Kathryn Lucretia Silliman1,2
F, (19 June 1905 - 24 March 2002)
- Relationships
- 2nd great-granddaughter of Johann George Kurz
2nd great-granddaughter of Abraham Wolf
Kathryn Lucretia Silliman was born on 19 June 1905 at Coonoor, India.2,3 She was the daughter of Edward Eugene Silliman and Susan Ida Kurtz.1 Kathryn Lucretia Silliman married, at age 23, Verner Israel Olson, age 27, son of Israel Olson and Sigrid Hafslund, on Tuesday, 11 June 1929 at Chicago, Cook County, Illinois.4 Kathryn Lucretia Silliman died on 24 March 2002 at Redlands, San Bernardino County, California, at age 96 years, 9 months and 5 days.2,3
At age one and a half when ill with dysentery, her only sister, 3-month-old Mary, died of convulsions, but Kathryn survived. Named after two grandmothers, Catherine Miller Kurtz and Lucretia Powell Silliman, she lived in Narsaravupet, Guntur, India as a young child until age three and a half.
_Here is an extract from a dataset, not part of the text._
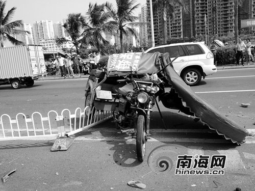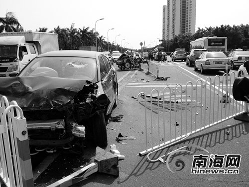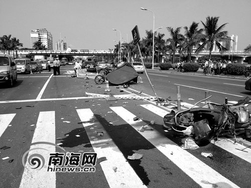 海口一轿车斑马线上连撞3车致1死3伤(图)
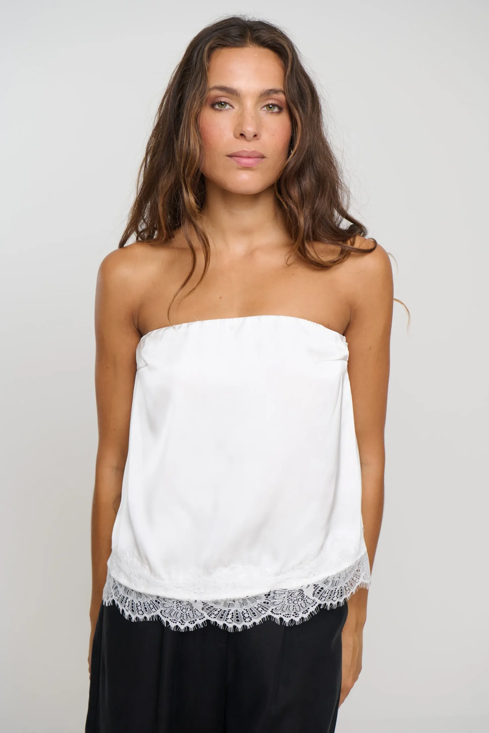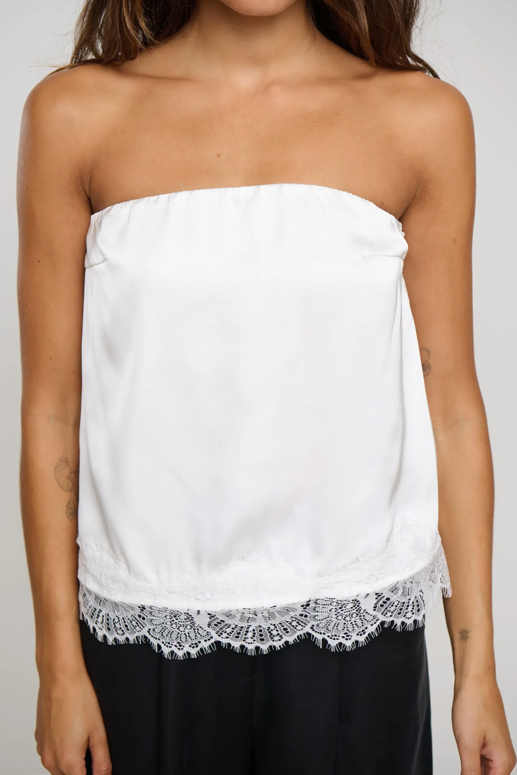 Meet the Stassie Strapless Top, features a sleek strapless neckline for a clean, modern look. The elasticated back band offers comfort and a secure fit, while the side zip closure ensures easy wear. Cut to a flattering cropped length, it’s finished with a delicate lace hemline that adds soft texture and feminine charm.

The next four years were spent in various places in the United States, first with her parents on furlough and then just with her mother who stayed behind to regain her health. It was in Florida in a little one-room schoolhouse that Kathryn attended first grade. It was also during this period that Kathryn received her first piano lessons from her Cousin Clara.
At age 7, Kathryn with her mother returned to India. She was sent to Hebron School for girls, a boarding school in Coonoor, attended by daughters of English government officials and business men, and daughters of American missionaries, where her favorite classes were Bible study and piano lessons. She went home to her parents only at school holidays and delighted in playing new hymns on the reed organ to please her father. At age nine and a half she was baptized by a Telegu pastor, the first missionary’s child to be baptized by an Indian pastor on the Telegu field.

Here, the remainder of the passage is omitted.